About the author
Austrian-American economist and political scientist (1883–1950), briefly Austria's finance minister before joining Harvard. A theorist of innovation, entrepreneurship, and business cycles, Schumpeter gave economics 'creative destruction' and political science a realist theory of democracy; this book is his most influential work.
Synopsis
Schumpeter argues that capitalism's engine is 'creative destruction' — the ceaseless replacement of old firms and methods by new ones — and that its cultural and political success would undermine the entrepreneurial order and usher in socialism. He then reframes democracy realistically as a method: an institutional arrangement in which rival elites compete for the people's vote, rather than a process expressing a coherent popular will.
Core passage idea
Paraphrase · Modern copyrighted workSchumpeter redefines democracy as that institutional arrangement for arriving at political decisions in which individuals acquire the power to decide by means of a competitive struggle for the people's vote.
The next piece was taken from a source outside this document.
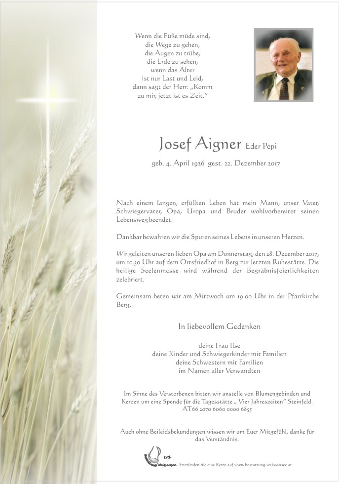 Bestattung wurde durchgeführt von: Markus Ertl Bestattung Weissensee Neusach 26 9762 - Weißensee Tel.: 04713 22 29 zum Bestatter

By recasting democracy as elite competition for votes rather than rule by a popular will, Schumpeter offered the 'realist' or 'minimalist' theory that still frames much political science — bracingly deflationary to anyone attached to the classical ideal of self-government.
To avoid a bubble
Pair with defenders of participatory and deliberative democracy who reject Schumpeter's 'thin,' elite-competition model as a betrayal of self-government, and with market optimists who dispute his forecast that capitalism would give way to socialism.
Reading note
Dense but quotable; the sections on creative destruction and on the theory of democracy are the most cited. Read it against participatory democrats to feel the stakes of his 'realist' redefinition.
Best paired with
Robert A. Dahl, Polyarchy; Friedrich Hayek, The Road to Serfdom.